**WHAT TO WORK ON:** Repeat, please, exactly the lines from the one that has "Топ-матчи вторника испанской" through the end of the records below, with pictures dropped.

===== GIVEN INFORMATION =====

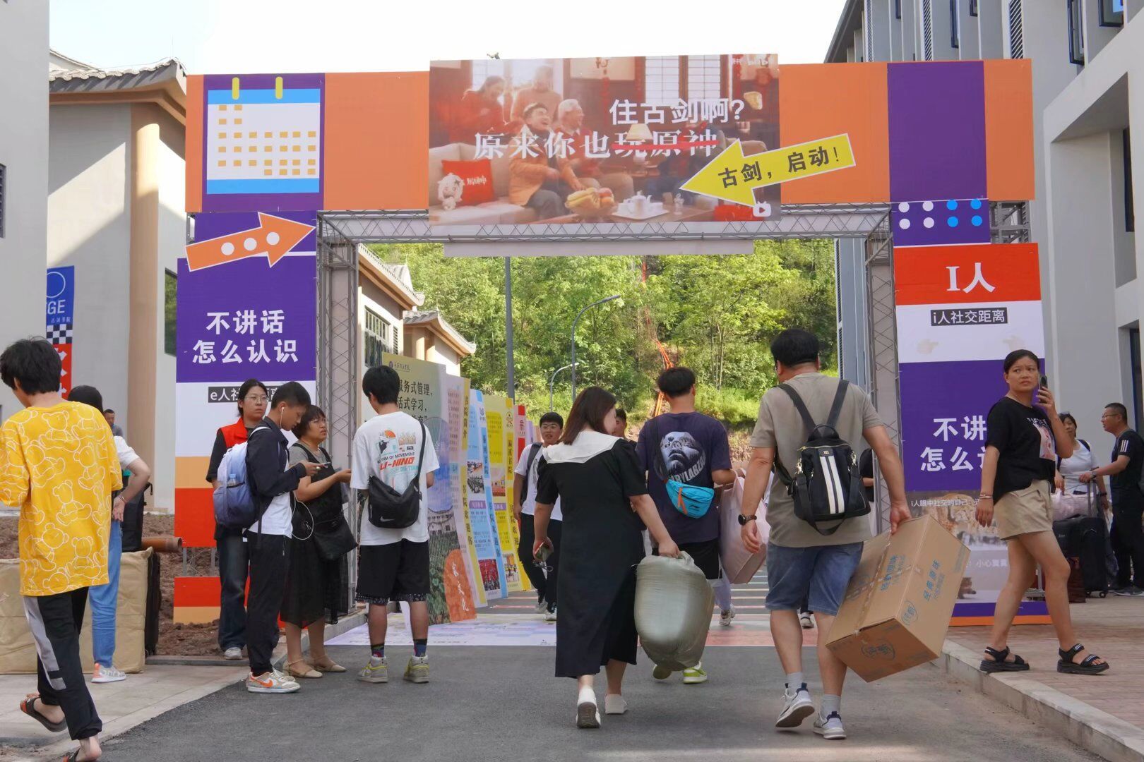 背起久违的书包,整理无限的向往,新同学们带着行囊纷沓而来,书院的各处在老师与学长学姐的布置下氛围感十足。跨入古剑之门,不管你是I人还是E人,都有属于自己的花路;“你也住古剑?尊嘟假嘟O.o”,“主打的就是一个书院制大学!”等改编版网络热词整齐排列在入院处的马路上,总有一条能够唤醒你的网络记忆;迎新点处“你来更好”“NO.1”等打卡手牌,你更pick哪一个呢?书院倾情打造的棠溪·砚友有梗屋等你来解锁更多热词!
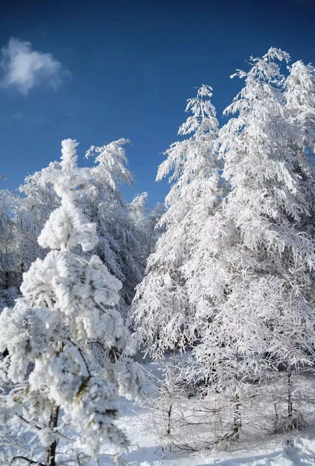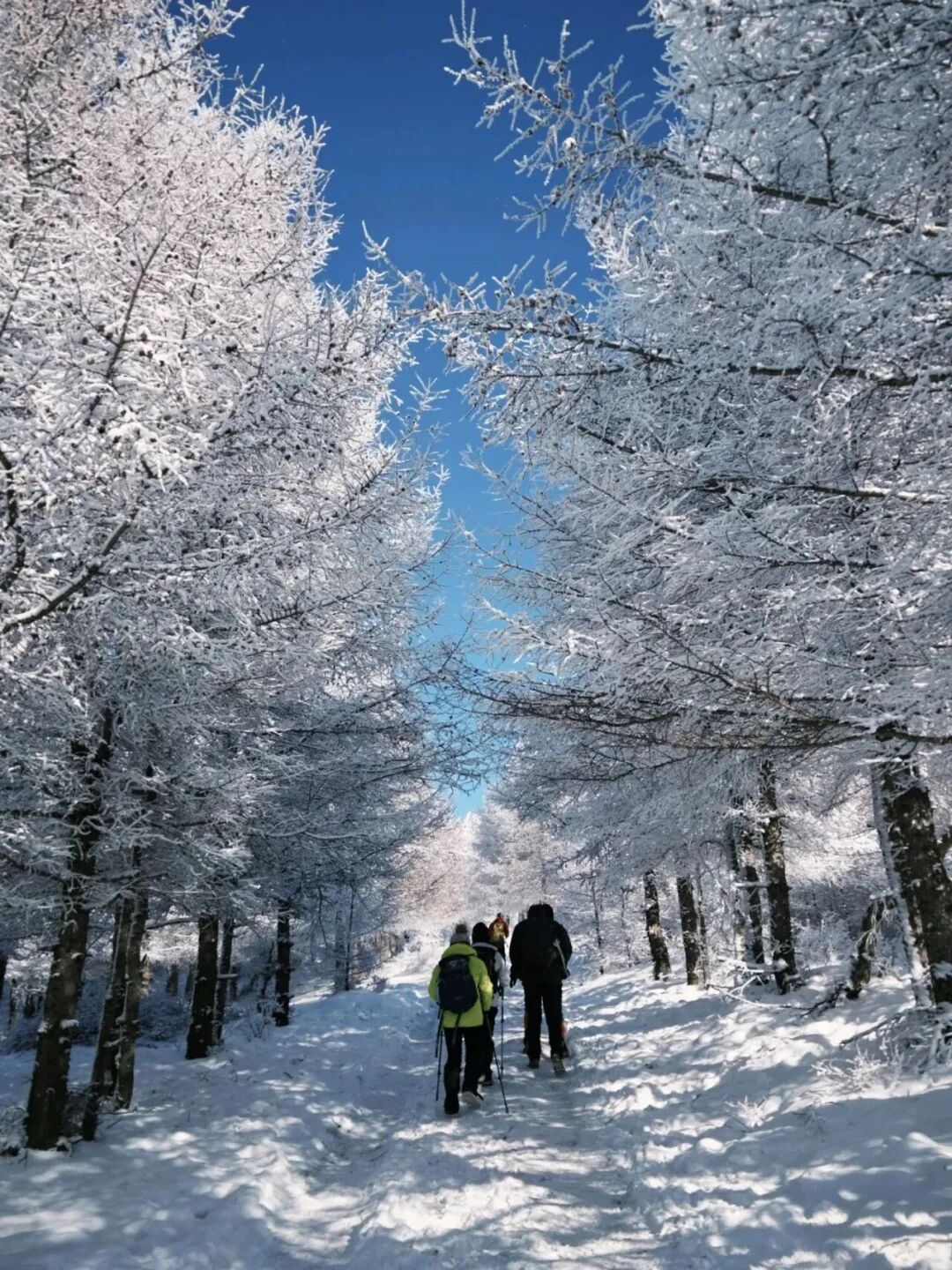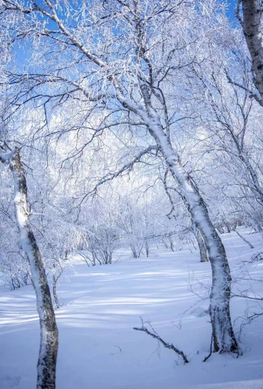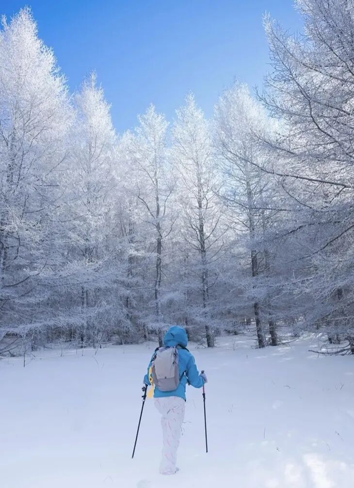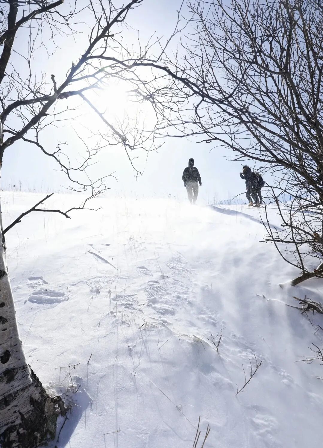 我们将向着这片 “雪域秘境” 进发。徒步途中,成片的桦树林褪去叶片,洁白的枝干在寒风中挺立,像是守护雪山的卫士;脚下的雪地松软而纯净,延伸向远方与蓝天相接,偶尔能看到野兔、松鼠的足迹,为这片寂静的雪原增添了几分生机。
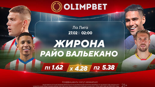Топ-матчи вторника испанской Примеры и Серии А – в коэффициентах Olimpbet. Ла Лига. 26-й тур. «Жирона» – «Райо Вальекано». 27 февраля, 02:00 (время Астаны) В минувшем туре Примеры «пчелы» дали шанс «Жироне» сократить отставание от «Реала». Они сенсационно сыграли вничью с лидером чемпионата в мадридском дерби (1:1). Но каталонцы этим подарком от «Райо» не воспользовались. Они уступили в Бильбао «Атлетику» (2:3) и отпустили «королевский клуб» в шестиочковый отрыв. А буквально на этих выходных «Жирона» и вовсе опустилась на третье место в таблице...
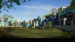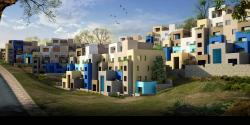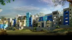 Each of the residential blocks too, designed in structures of 2,3,4,& 5 levels are fragmented to create series of volumes interspersed with landscaped spaces creating an organic series of built form s like the traditional cities of the region. These are colored in the traditional colors in lime plaster in varying hues of blues and yellows.
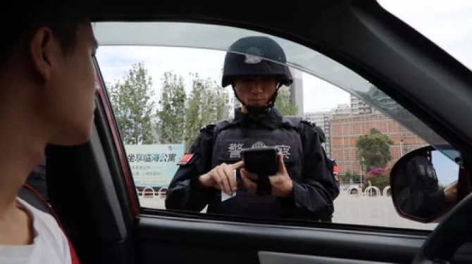 周脉军正在高速公路收费站口进行查缉毒品。新华社记者薛晨摄
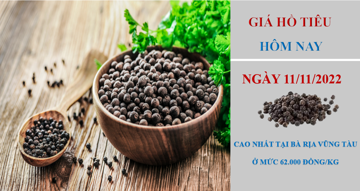 Giá hồ tiêu hôm nay 11/11/2022, thị trường trong nước không ghi nhận điều chỉnh mới so với cùng thời điểm hôm qua. Hiện giá hồ tiêu dao động trong khoảng 58.500 - 62.000 đồng/kg.
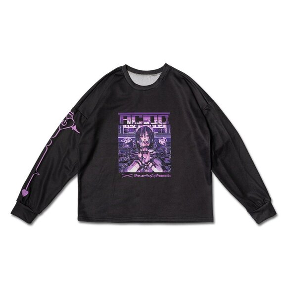 Seductive, fierce, and unapologetically devilish cute. The Peach Punch Addictive Akuma Long Sleeves Tee from ACDC Rag will turns those heads and breaks their hearts. This digital succubus rave t-shirt features an anime succubus print on black color polyester base, crew neckline, long sleeves, and unisex oversized fitting. This Peach Punch Addictive Akuma Long Sleeves Tee came straight from the streets of Harajuku, Japan. If you love it, don't hesitate. Get it before it's gone. #HarajukuLove
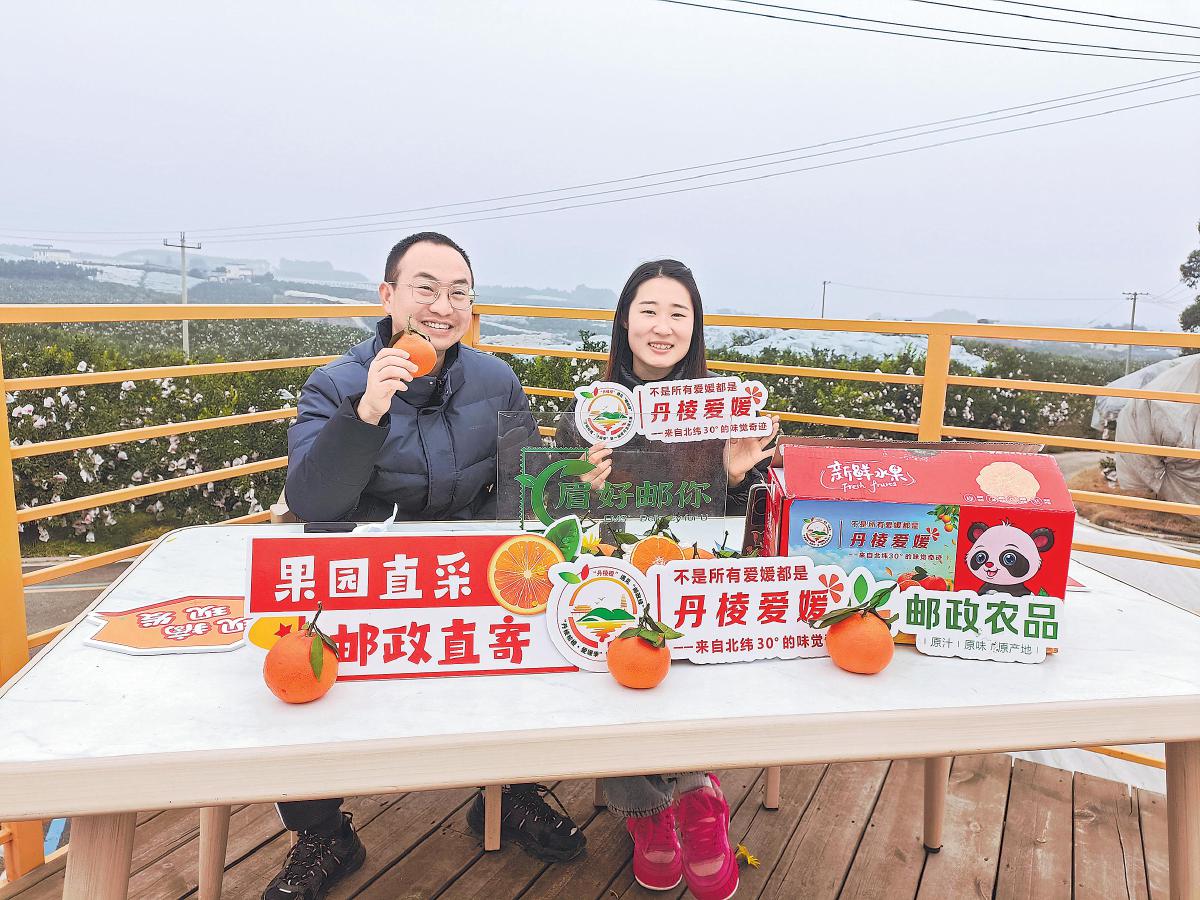 “眉好邮你”团队通过电商直播助销丹棱爱媛橙。 □邹凤 摄
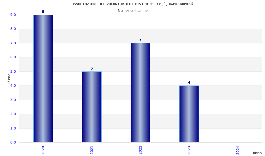 | Anno | Firme | Importi | Media | Naz. | Reg. | Prov. | Comu. |

=====

**EXERCISE RESULT:**
Топ-матчи вторника испанской Примеры и Серии А – в коэффициентах Olimpbet. Ла Лига. 26-й тур. «Жирона» – «Райо Вальекано». 27 февраля, 02:00 (время Астаны) В минувшем туре Примеры «пчелы» дали шанс «Жироне» сократить отставание от «Реала». Они сенсационно сыграли вничью с лидером чемпионата в мадридском дерби (1:1). Но каталонцы этим подарком от «Райо» не воспользовались. Они уступили в Бильбао «Атлетику» (2:3) и отпустили «королевский клуб» в шестиочковый отрыв. А буквально на этих выходных «Жирона» и вовсе опустилась на третье место в таблице...
 Each of the residential blocks too, designed in structures of 2,3,4,& 5 levels are fragmented to create series of volumes interspersed with landscaped spaces creating an organic series of built form s like the traditional cities of the region. These are colored in the traditional colors in lime plaster in varying hues of blues and yellows.
 周脉军正在高速公路收费站口进行查缉毒品。新华社记者薛晨摄
 Giá hồ tiêu hôm nay 11/11/2022, thị trường trong nước không ghi nhận điều chỉnh mới so với cùng thời điểm hôm qua. Hiện giá hồ tiêu dao động trong khoảng 58.500 - 62.000 đồng/kg.
 Seductive, fierce, and unapologetically devilish cute. The Peach Punch Addictive Akuma Long Sleeves Tee from ACDC Rag will turns those heads and breaks their hearts. This digital succubus rave t-shirt features an anime succubus print on black color polyester base, crew neckline, long sleeves, and unisex oversized fitting. This Peach Punch Addictive Akuma Long Sleeves Tee came straight from the streets of Harajuku, Japan. If you love it, don't hesitate. Get it before it's gone. #HarajukuLove
 “眉好邮你”团队通过电商直播助销丹棱爱媛橙。 □邹凤 摄
 | Anno | Firme | Importi | Media | Naz. | Reg. | Prov. | Comu. |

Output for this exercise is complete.